Task description: Without the pictures, give the records again exactly as they appear.

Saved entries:
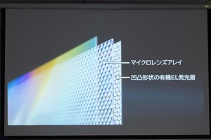 有機ELパネルは発光層とガラス層からなるが、マイクロレンズ有機ELではガラス層に、1画素あたり数千個のレンズを備えた「マイクロレンズアレイ」を採用。発光層はガラス層に蒸着させて成形するため、こちらも凹凸形状となっている。
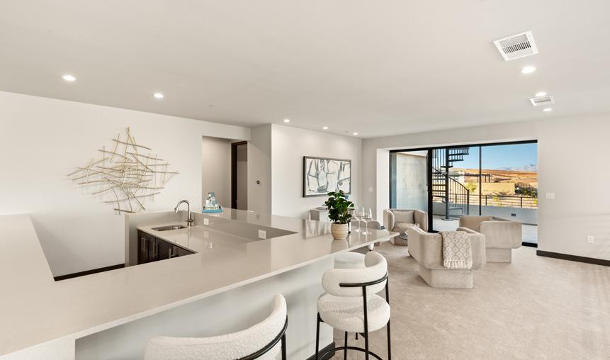 Introducing Blue Heron’s exclusive pre-designed custom home in the Nexus community of Lake Las Vegas boasting breathtaking lake & mountain views. First floor features 10-foot ceilings, 21-foot vaulted ceiling, in-ground outlets, & a floating staircase. The second floor offers an entertainment area with a wet bar & sky deck. Garage includes a 220v electric vehicle charger, a dedicated circuit for a freezer, & reinforced light fixture. Additionally, the home includes solar panel pre-plumbing, a Nest climate control system, & sound reduction insulation. Thermal break windows enhance energy efficiency, & structural upgrades allow for pocket doors, improving the open-concept design. Living area offers lake views & an upgraded fireplace. The backyard is preengineered for a pool. Enjoy Jack Nicklaus Golf Courses, a private beach, kayaking, the LLV Sports Club, social events, hiking, biking, & the full LLV lifestyle. NV is a State W/O Individual & Corporate Income Taxes offering big savings. 36 RAINBOW POINT PLACE, HENDERSON, NV 89011 6
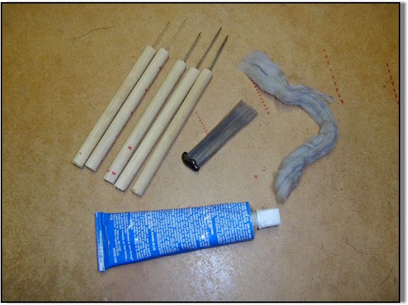 Place two or three fibers on work area surface and touch silicone coated needle (Step A above) to the fibers adhering them to the needle then proceed to Step B through E.
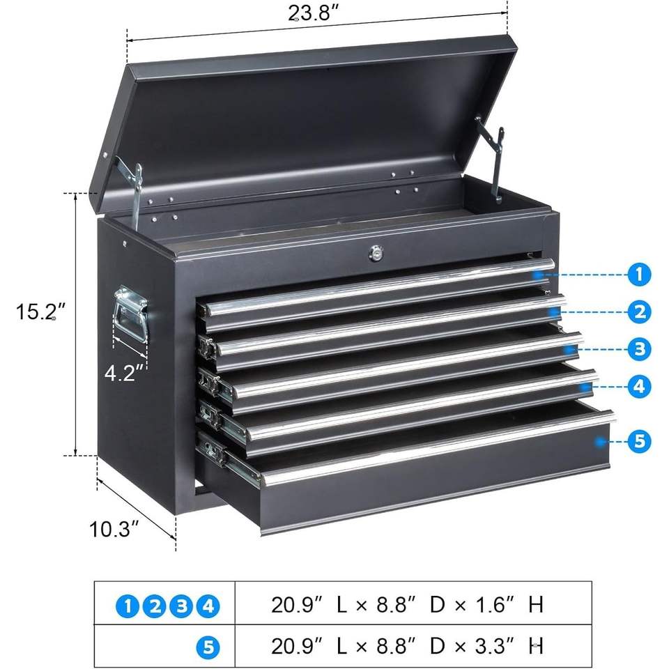 Cassetta degli Attrezzi in Acciaio Nero Resistente per Riparazioni Domestiche e Auto, Organizzatore Portatile in Metallo con Manico Durevole
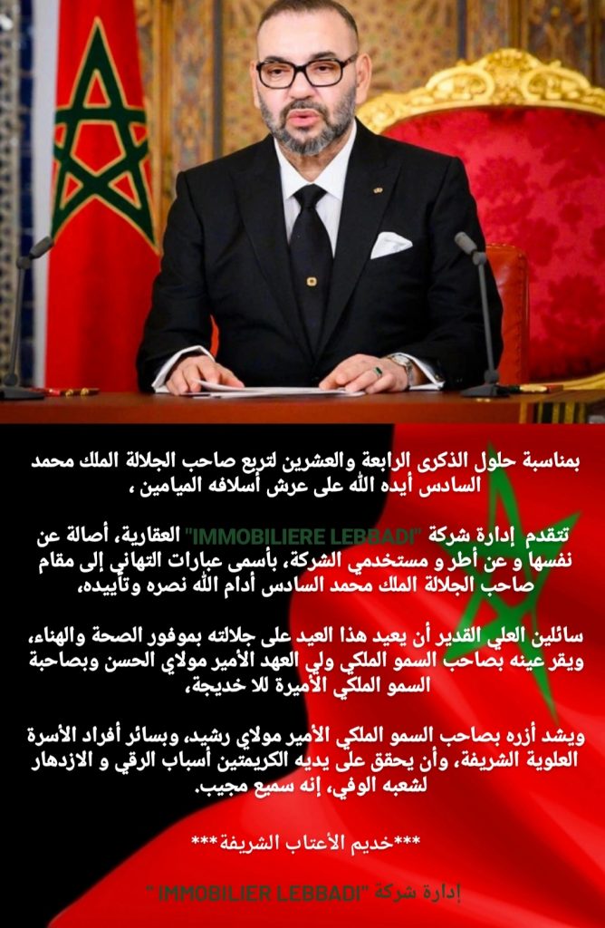 إدارة شركة “Immobilière Lebbadi” العقارية تهنئ جلالة الملك بمناسبة الذكرى 24 لعيد العرش المجيد أخبارأخبار وطنيةتهنئة Last updated يوليو 30, 2023 انشر تهنئة مرفوعة إلى حضرة صاحب الجلالة الملك محمد السادس نصره الله بمناسبة عيد العرش المجيد”Immobilière Lebbadi”
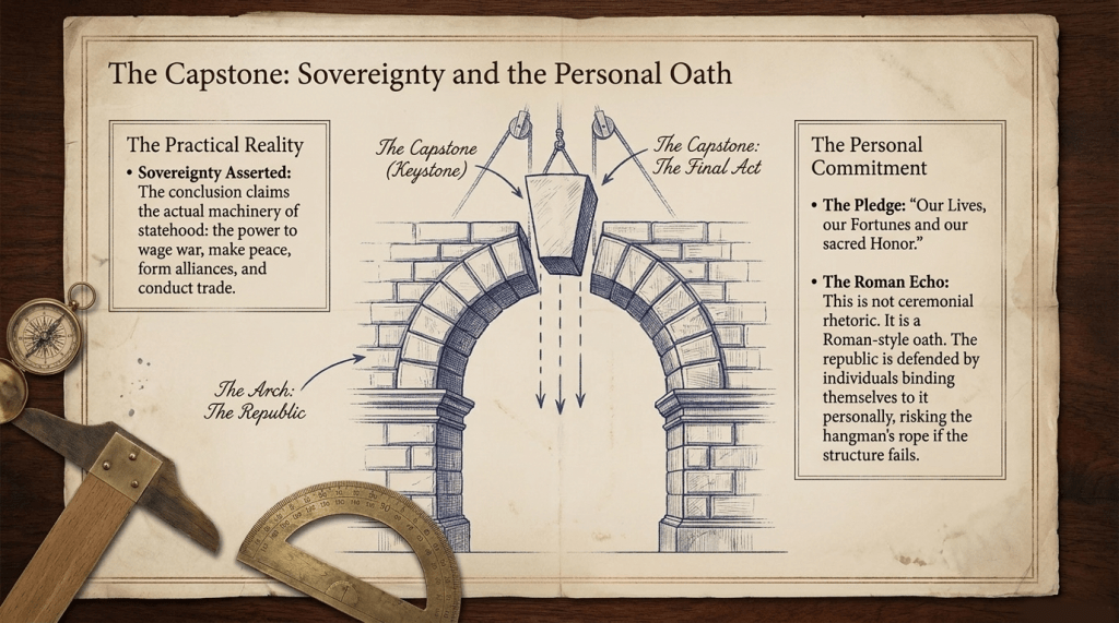 The conclusion is not long, but it carries weight because everything before it has done the work. The colonies are, and of right ought to be, free and independent states. They claim the powers that come with that status, to wage war, to make peace, to form alliances, to conduct trade. These are not symbolic gestures. They are the practical realities of sovereignty, stated plainly.
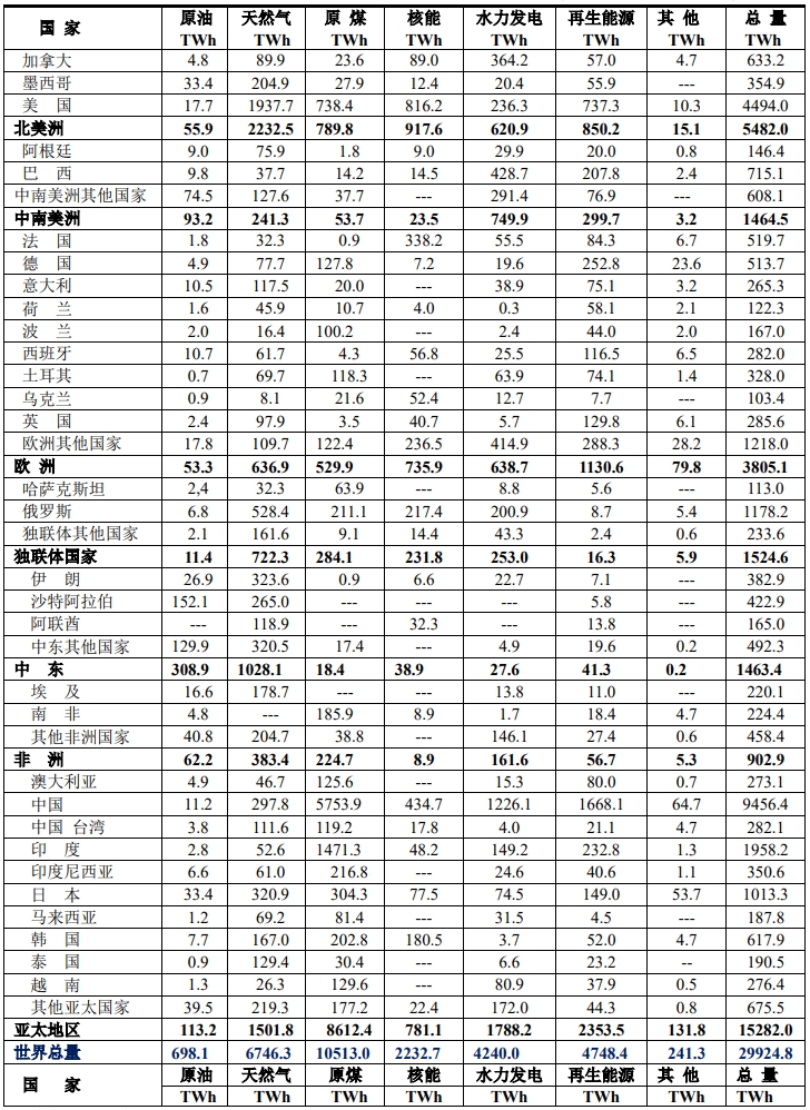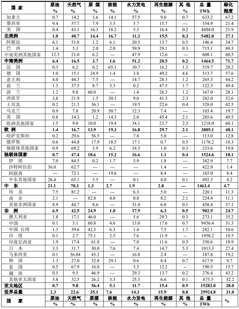表1 2023年世界各國電力結構 (以發(fā)電量TWh表示)
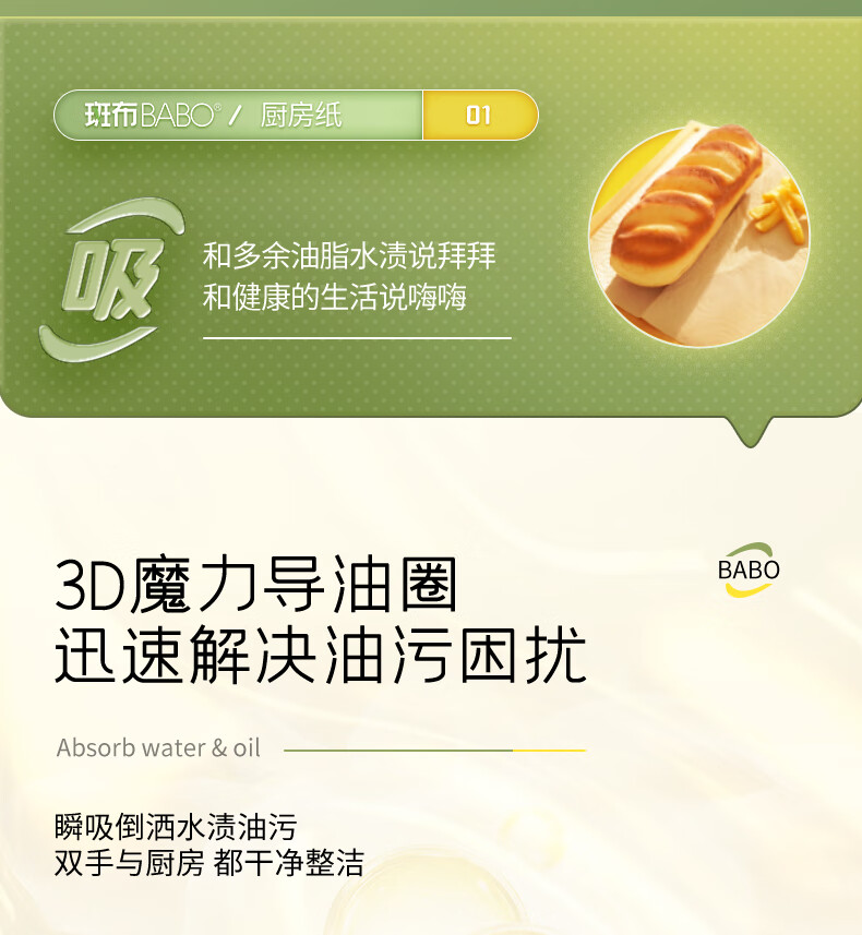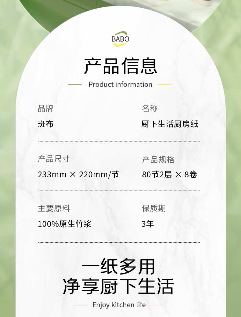 【分仓直发包邮】斑布厨下生活系列厨房纸巾80节*8卷

Answer box:
 有機ELパネルは発光層とガラス層からなるが、マイクロレンズ有機ELではガラス層に、1画素あたり数千個のレンズを備えた「マイクロレンズアレイ」を採用。発光層はガラス層に蒸着させて成形するため、こちらも凹凸形状となっている。
 Introducing Blue Heron’s exclusive pre-designed custom home in the Nexus community of Lake Las Vegas boasting breathtaking lake & mountain views. First floor features 10-foot ceilings, 21-foot vaulted ceiling, in-ground outlets, & a floating staircase. The second floor offers an entertainment area with a wet bar & sky deck. Garage includes a 220v electric vehicle charger, a dedicated circuit for a freezer, & reinforced light fixture. Additionally, the home includes solar panel pre-plumbing, a Nest climate control system, & sound reduction insulation. Thermal break windows enhance energy efficiency, & structural upgrades allow for pocket doors, improving the open-concept design. Living area offers lake views & an upgraded fireplace. The backyard is preengineered for a pool. Enjoy Jack Nicklaus Golf Courses, a private beach, kayaking, the LLV Sports Club, social events, hiking, biking, & the full LLV lifestyle. NV is a State W/O Individual & Corporate Income Taxes offering big savings. 36 RAINBOW POINT PLACE, HENDERSON, NV 89011 6
 Place two or three fibers on work area surface and touch silicone coated needle (Step A above) to the fibers adhering them to the needle then proceed to Step B through E.
 Cassetta degli Attrezzi in Acciaio Nero Resistente per Riparazioni Domestiche e Auto, Organizzatore Portatile in Metallo con Manico Durevole
 إدارة شركة “Immobilière Lebbadi” العقارية تهنئ جلالة الملك بمناسبة الذكرى 24 لعيد العرش المجيد أخبارأخبار وطنيةتهنئة Last updated يوليو 30, 2023 انشر تهنئة مرفوعة إلى حضرة صاحب الجلالة الملك محمد السادس نصره الله بمناسبة عيد العرش المجيد”Immobilière Lebbadi”
 The conclusion is not long, but it carries weight because everything before it has done the work. The colonies are, and of right ought to be, free and independent states. They claim the powers that come with that status, to wage war, to make peace, to form alliances, to conduct trade. These are not symbolic gestures. They are the practical realities of sovereignty, stated plainly.
表1 2023年世界各國電力結構 (以發(fā)電量TWh表示)
 【分仓直发包邮】斑布厨下生活系列厨房纸巾80节*8卷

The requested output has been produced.